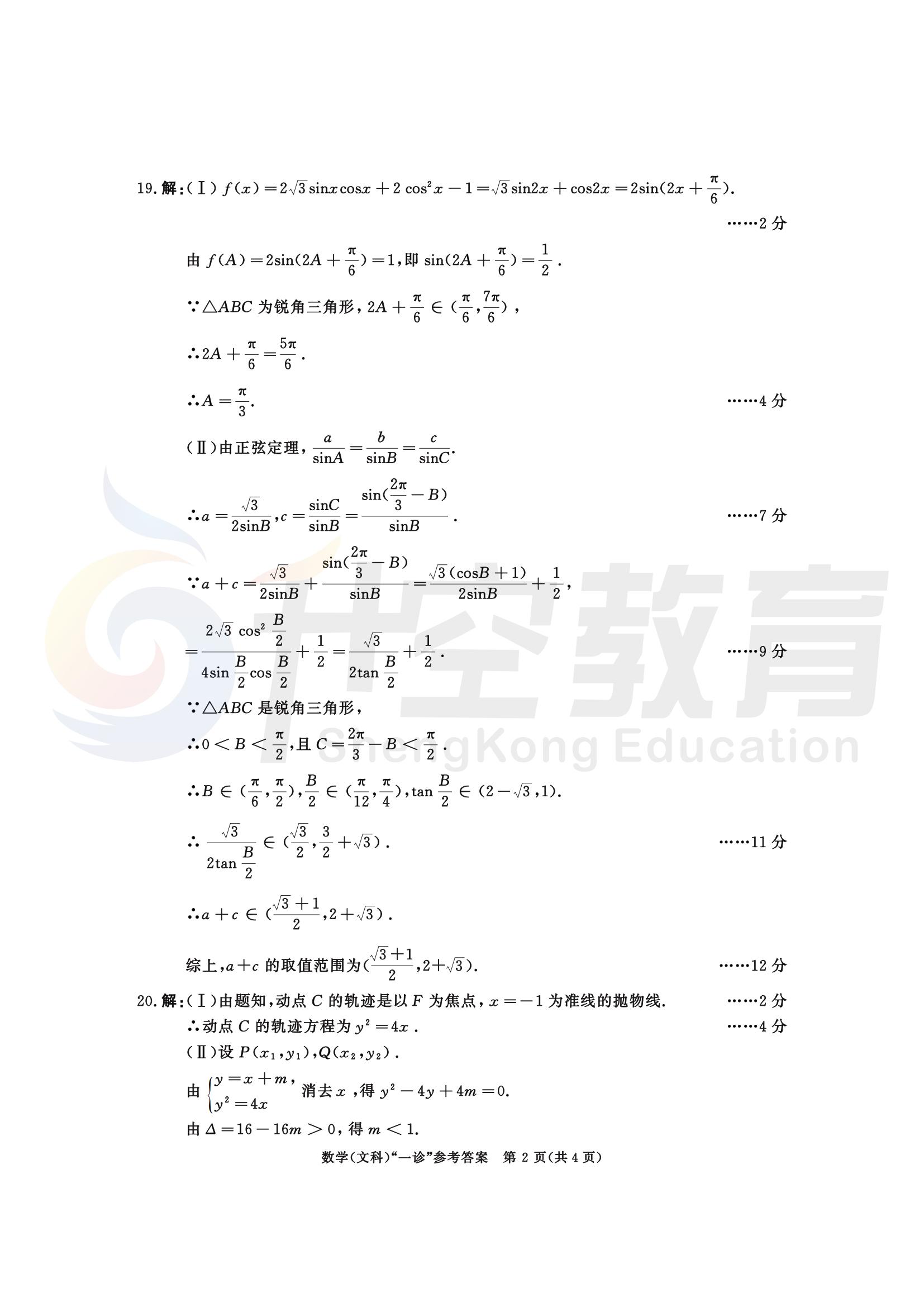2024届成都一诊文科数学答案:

+ + + + + + +

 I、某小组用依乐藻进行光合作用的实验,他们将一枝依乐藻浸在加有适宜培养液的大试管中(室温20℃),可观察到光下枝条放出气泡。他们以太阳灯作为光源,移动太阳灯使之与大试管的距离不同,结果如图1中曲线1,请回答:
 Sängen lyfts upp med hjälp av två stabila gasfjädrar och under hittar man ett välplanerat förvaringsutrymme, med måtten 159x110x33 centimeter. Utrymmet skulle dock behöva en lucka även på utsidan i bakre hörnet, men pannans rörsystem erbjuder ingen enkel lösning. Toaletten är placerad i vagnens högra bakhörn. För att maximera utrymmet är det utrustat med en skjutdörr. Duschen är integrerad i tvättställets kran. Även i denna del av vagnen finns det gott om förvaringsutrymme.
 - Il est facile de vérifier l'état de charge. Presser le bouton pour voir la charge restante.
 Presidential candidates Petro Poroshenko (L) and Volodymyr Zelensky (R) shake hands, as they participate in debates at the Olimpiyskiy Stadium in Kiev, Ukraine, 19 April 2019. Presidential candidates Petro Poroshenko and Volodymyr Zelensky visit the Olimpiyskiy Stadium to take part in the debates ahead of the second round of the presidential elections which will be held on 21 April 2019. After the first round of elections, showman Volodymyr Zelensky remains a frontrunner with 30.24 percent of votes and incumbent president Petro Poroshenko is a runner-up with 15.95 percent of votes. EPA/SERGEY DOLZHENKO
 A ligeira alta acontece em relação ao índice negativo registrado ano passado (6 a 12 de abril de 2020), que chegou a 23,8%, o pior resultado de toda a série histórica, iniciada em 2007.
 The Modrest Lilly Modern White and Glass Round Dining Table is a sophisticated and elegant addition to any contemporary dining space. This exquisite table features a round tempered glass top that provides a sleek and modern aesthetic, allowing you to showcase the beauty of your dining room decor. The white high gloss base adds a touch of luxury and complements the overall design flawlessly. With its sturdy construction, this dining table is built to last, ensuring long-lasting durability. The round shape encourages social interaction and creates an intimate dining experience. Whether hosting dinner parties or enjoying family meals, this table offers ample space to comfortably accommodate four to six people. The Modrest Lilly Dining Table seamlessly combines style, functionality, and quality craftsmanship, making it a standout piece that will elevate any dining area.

+ + + + + + +

> [Required work]
Your answer must be the lines above from the one containing "I、某小组用依乐藻进行光合作" to the one containing "- Il est facile", both included, restated word for word.

> [Result below]
 I、某小组用依乐藻进行光合作用的实验,他们将一枝依乐藻浸在加有适宜培养液的大试管中(室温20℃),可观察到光下枝条放出气泡。他们以太阳灯作为光源,移动太阳灯使之与大试管的距离不同,结果如图1中曲线1,请回答:
 Sängen lyfts upp med hjälp av två stabila gasfjädrar och under hittar man ett välplanerat förvaringsutrymme, med måtten 159x110x33 centimeter. Utrymmet skulle dock behöva en lucka även på utsidan i bakre hörnet, men pannans rörsystem erbjuder ingen enkel lösning. Toaletten är placerad i vagnens högra bakhörn. För att maximera utrymmet är det utrustat med en skjutdörr. Duschen är integrerad i tvättställets kran. Även i denna del av vagnen finns det gott om förvaringsutrymme.
 - Il est facile de vérifier l'état de charge. Presser le bouton pour voir la charge restante.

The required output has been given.